Between The World And Me

Written by Ta-Nehisi Coates. Published by Spiegel & Grau in 2015. 152 pages. Rating: 4/5.

In his national book award winning memoir, Between the World and Me, Ta-Nehisi Coates explores issues of race by describing how it was like growing up in 1980s Baltimore and attending Howard University. Coates is a distinguished writer, author, and journalist and has authored many books including The Water Dancer, We Were Eight Years in Power, and The Beautiful Struggle! He has also written for Marvel comics, producing a series of Captain America and Black Panther Comics. He’s worked for a few different magazines, such as the New York Times Magazine, but is better known for his work with The Atlantic. Between the World and Me gives insight into what it’s like growing up in a country that neglects its racist past.

Between the World and Me by [Coates, Ta-Nehisi]

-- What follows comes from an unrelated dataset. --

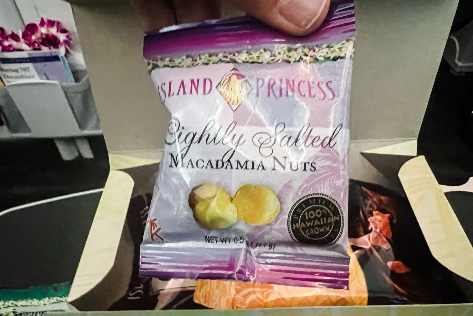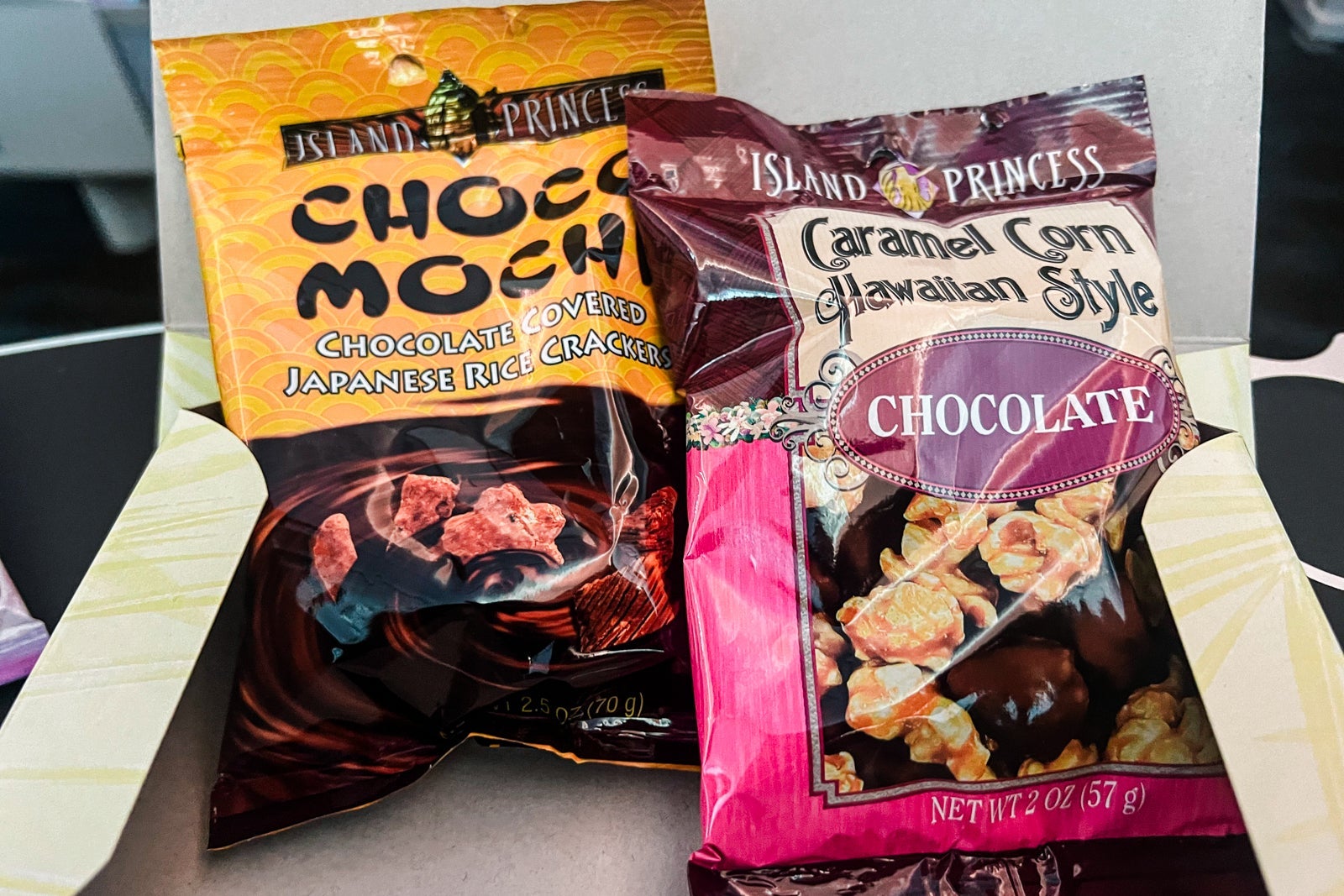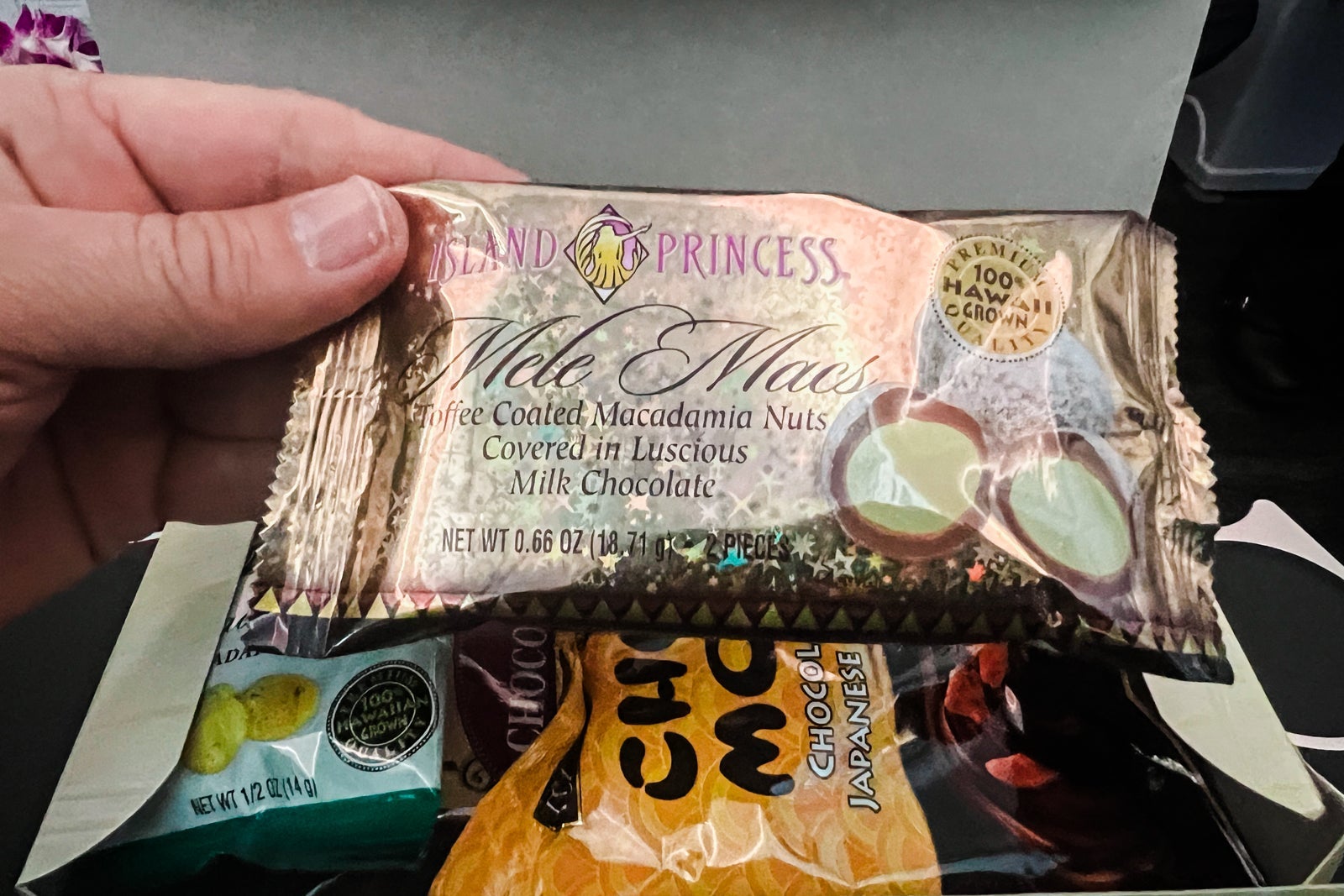 I bought the "Made in Hawaii" snack sampler for $10.50. It included chocolate Carmel popcorn, Choco Mochi and two types of packaged macadamia nuts, among other treats. I used my Hawaiian Airlines® World Elite Mastercard®, and of course there was a credit card offer onboard as well for up to 65,000 Hawaiian Airlines miles. Too bad I already have the personal and business versions. The information for the Hawaiian Airline World Elite Mastercard has been collected independently by The Points Guy. The card details on this page have not been reviewed or provided by the card issuer.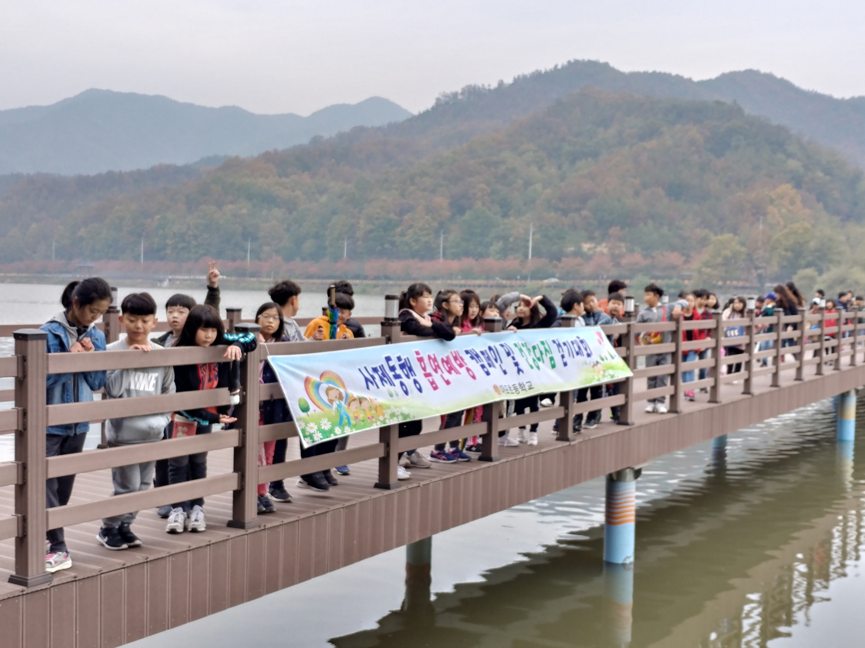 | 아포초등학교(교장 이경옥)는 아포송백제와 연계하여 지난 26일 오봉저수지 인근에서 학생, 교사 185명이 참여하여 「2018 사제동행 흡연예방 캠페인 및 건강다짐 걷기대회」를 개최하였다.

Although Between the World and Me is a memoir, it is also an open letter to his son, Samori. Coates warns a fifteen year old Samori that he will be judged because of the color of his skin. People will tell him to be “twice as good” to get ahead in life. Ta-nehisi is opposed to this adage, equating it to be twice as good is to “accept half as much.” It’s a salient point, why is there an expectation for African Americans to work twice as hard but accept half as much?

This book got me think of all these questions about race that I otherwise wouldn’t have had. The book brought these ideas into my consciousness.

The streets of the Baltimore of Coates’s youth were dangerous. It wouldn’t be strange to witness a fight on your way home from school. Shootings were common, anyone in his neighborhood could name a person affected by street violence. Coates recalled a boy in a ski jacket brandishing a gun and pointing it at him. He was saved by luck; the boy’s friends calmed the armed boy down. This scene, and many others, cause Coates to liken his upbringing to a game. To survive you must learn the rules of the game, which feeds back into much of the behavior that makes the streets so dangerous. Coates found an escape though, through writing and consciousness building. He was able to leave Baltimore to attend Howard University in Washington, D.C., it was a way for him save himself.

When reading this book I picked up on a common theme of one’s own body and how it was constantly at risk. Coates describes his youth as:

“To be black in the Baltimore of my youth was to be naked before the elements of the world, before all the guns, fists, knives, crack, rape, and disease. The nakedness is not an error, nor pathology. The nakedness is the correct and intended result of policy, the predictable upshot of people forced for centuries to live under fear. The law did not protect us.”

Between the World and Me, page 17

These elements of the world battered the youth of Baltimore. The feedback loops generated from the violence, drugs, and poverty produced a harsh environment where it was nearly impossible to flourish. Black bodies had the rules against them in this game. Coates wants his son to be prepared for the institutionalized problems that lie ahead in his future.

Between the World and Me is a great book that looks at societal issues of race in a personal manner. It took me a week or so to dwell on it and absorb its contents, but I think it was well worth it. I’m a white guy living in the predominantly white state of South Dakota, so a lot of these issues tend to go over my head. Most of my exposure to racial issues come from the news and textbooks, but this memoir gets into the mind of someone who’s been experiencing it first-hand! I recommend this book if you want to know more about contemporary issues of race. It’s a short book and you could finish it quickly, but its message will linger after the fact.